While the difficulties of living with quadriplegia cannot be overlooked, living with a wild animal would only enhance these difficulties by actively endangering an already vulnerable individual. Although it is possible to train wild animals to perform complex tasks, and primates would appear to be seemingly perfect candidates for tasks that require the use of opposable thumbs and quick-witted problem solving, wild animals like monkeys are dangerous, unpredictable, and naturally aggressive. These are all traits that a service animal should never possess. Service animals fulfill roles in which humans rely on them to be consistent and safe, especially in public environments. Consequently, the Americans with Disabilities Act does not recognize monkeys as service animals.

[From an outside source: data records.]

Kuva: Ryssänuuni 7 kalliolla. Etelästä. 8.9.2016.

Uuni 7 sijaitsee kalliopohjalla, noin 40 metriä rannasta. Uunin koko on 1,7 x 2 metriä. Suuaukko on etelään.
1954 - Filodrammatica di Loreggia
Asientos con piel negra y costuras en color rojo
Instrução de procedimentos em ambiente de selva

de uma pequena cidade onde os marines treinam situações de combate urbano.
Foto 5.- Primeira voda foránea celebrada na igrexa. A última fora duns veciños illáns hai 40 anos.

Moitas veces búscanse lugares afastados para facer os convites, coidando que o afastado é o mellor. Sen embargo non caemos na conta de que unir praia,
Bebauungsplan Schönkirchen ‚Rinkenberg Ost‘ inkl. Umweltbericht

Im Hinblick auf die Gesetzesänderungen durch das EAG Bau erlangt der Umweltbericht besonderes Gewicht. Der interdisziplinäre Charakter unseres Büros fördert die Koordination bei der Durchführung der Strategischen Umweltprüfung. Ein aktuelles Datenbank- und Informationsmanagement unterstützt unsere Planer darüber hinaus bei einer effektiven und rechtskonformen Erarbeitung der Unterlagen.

The Born Free USA Exotic Incident Database chronicles several dangerous incidents involving primate “service animals,” including bites, escapes, and potentially deadly disease exposures. In a 2016 interview about Helping Hands, a Massachusetts-based organization that trains capuchins to assist people with disabilities, Dr. Katherine MacKinnon, an anthropologist and capuchin expert at Saint Louis University, stated, “We shouldn’t be fooled by the fact that the people and the monkeys may seem to get along… In human-capuchin interactions, often social signals are misinterpreted (on both sides, human and capuchin), which can and has resulted in unfortunate scenarios where the monkeys perceive a threat or dominance challenge from another family member, friend, neighbor, pet… and they respond by biting, and feeling threatened, anxious, [or] scared.”

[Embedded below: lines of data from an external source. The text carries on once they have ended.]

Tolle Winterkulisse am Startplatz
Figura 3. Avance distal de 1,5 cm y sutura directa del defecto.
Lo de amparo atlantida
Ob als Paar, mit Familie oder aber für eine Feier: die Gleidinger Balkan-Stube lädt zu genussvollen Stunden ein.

Dangerous wild animals cannot be service animals; it is against their nature and it is irresponsible to allow it.

Monkeys Are Not Domesticated Animals

Primates do not have the several thousand years of shared co-evolutionary history that domesticated dogs share with humans. Therefore, the very traits primates adapted from living in their natural wild environments that enable them to survive are the very same traits that captivity tragically and inevitably suppresses, including high activity and mobility levels, richly varied social affinities, aggressive defense of family and territory, and avoidance of threats. When these engrained behaviors are restricted in captivity, primates experience stress, fear, and anxiety at a chronic level, which often results in unpredictable and dangerous behavioral responses.

Any primate, especially a highly stressed primate, poses a threat to public safety and, if used as a service animal, would be dangerous to the individual they “assist.” Dangerous wild animals cannot be service animals; it is against their nature and it is irresponsible to allow it. And, it is irresponsible to normalize this kind of dangerous animal exploitation as largely positive and risk-free, as the film Gigi & Nate does.

Please join us in advocating against keeping primates captive as “service animals” for the preservation of both human and non-human primate welfare by choosing not to support Gigi & Nate in theaters.